Looks like the model is learning fairly well. Let’s build about a hundred songs and see if there are 25 chord progression patterns generated.

def generate_chord(model, start):
    # Evaluation step (generating text using the learned model)

    # Number of characters to generate
    num_generate = 100

    # Converting our start string to numbers (vectorizing)
    input_eval = [start]
    input_eval = tf.expand_dims(input_eval, 0)

    # Empty string to store our results
    chords = [start]

    # Low temperatures results in more predictable text.
    # Higher temperatures results in more surprising text.
    # Experiment to find the best setting.
    temperature = .1

    # Here batch size == 1
    for i in range(num_generate):
        predictions = model(input_eval)
        # remove the batch dimension
        predictions = tf.squeeze(predictions, 0)

        # using a categorical distribution to predict the character returned by the model
        predictions = predictions / temperature
        predicted_id = tf.random.categorical(predictions, num_samples=1)[-1,0].numpy()

        # We pass the predicted character as the next input to the model
        # along with the previous hidden state

        input_eval = tf.expand_dims([predicted_id], 0)

        chords.append(predicted_id)

    return decode(chords)

starter = 'C^7'
print(tokenizer.word_index[starter])
generated = [generate_chord(model, start=tokenizer.word_index[starter]) for i in range(100)]
25
generated_encoded = [encode_chords(c) for c in generated]
generated_25s = [count25s(c) for c in generated_encoded]

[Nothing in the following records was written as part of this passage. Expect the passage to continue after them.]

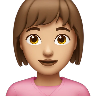 a brunette wavy hair girl with blue eyes in a pink fringe fur coat emoji
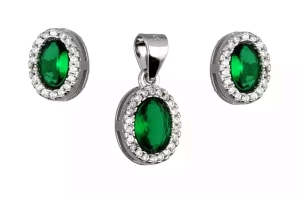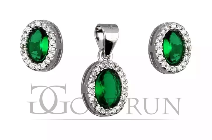Komplet srebrnej biżuterii kolczyki + zawieszka, szmaragdowa cyrkonia
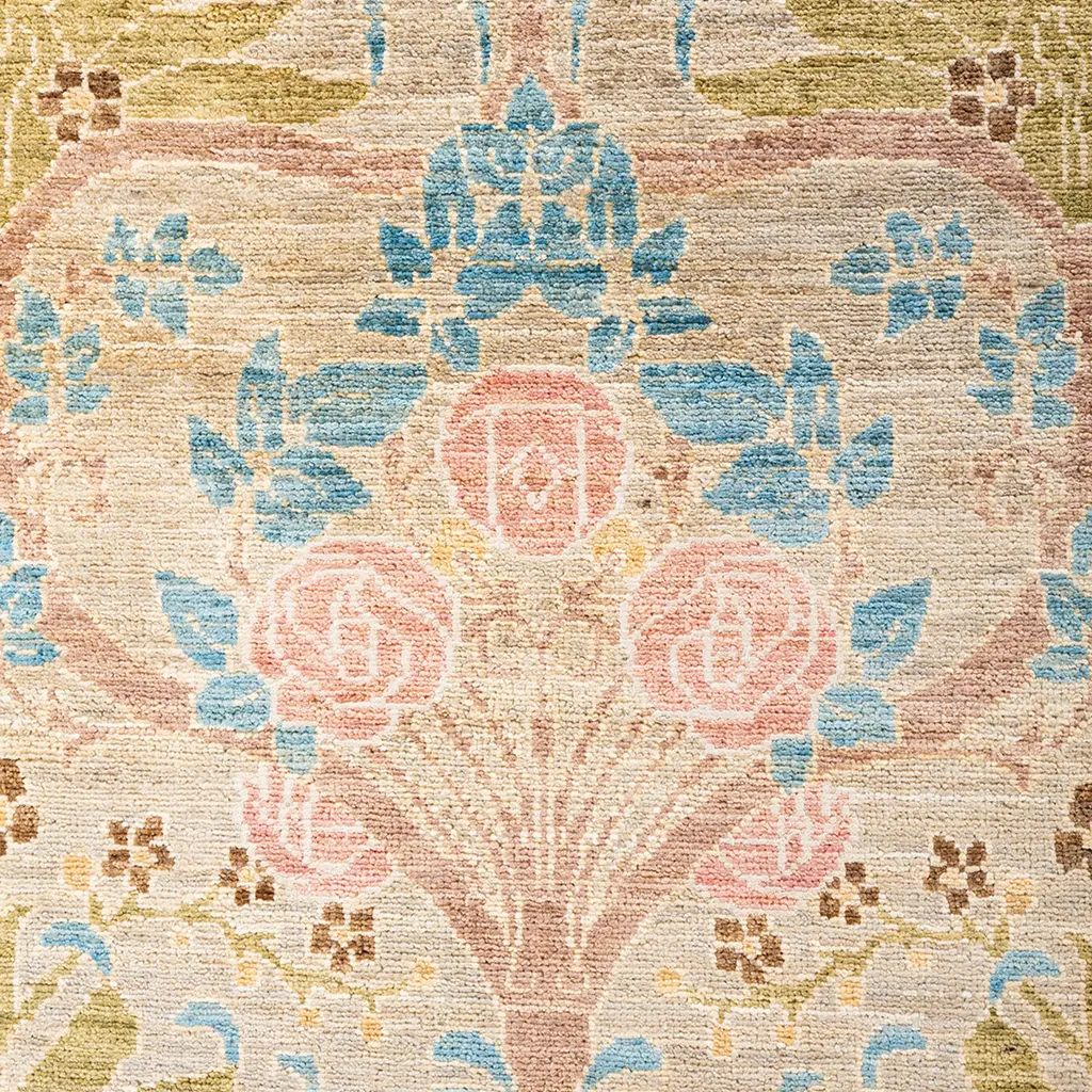 With simple, bold, yet informal designs and a broad palette of colors that ranges from earthy hues to brilliant gems, the rugs in the Arts & Crafts collection infuse a room with a sense of sophisticated rebellion. Nature-inspired motifs are the focal point in lieu of more traditional motifs. Skillfully made with sumptuous wool piles, these rugs bring a harmonious freedom and charming irreverence to any space.

print('Average number of 25 chord progressions', sum(generated_25s) / len(generated_25s))
Average number of 25 chord progressions 4.03

Conclusion

In conclusion, we’ve taken the series of songs, and built an LSTM model that can produce new chords. By utilizing jazz music theory know-how, we are able to treat the data in a way that eases the learning process for the model. There are still a lot of improvements to be made in this particular model. The model could understand time by refactoring the LSTM model to be a multivariate model. We could also further improve our understanding of the model by implementing form detection to see if there is a general AABA form structure.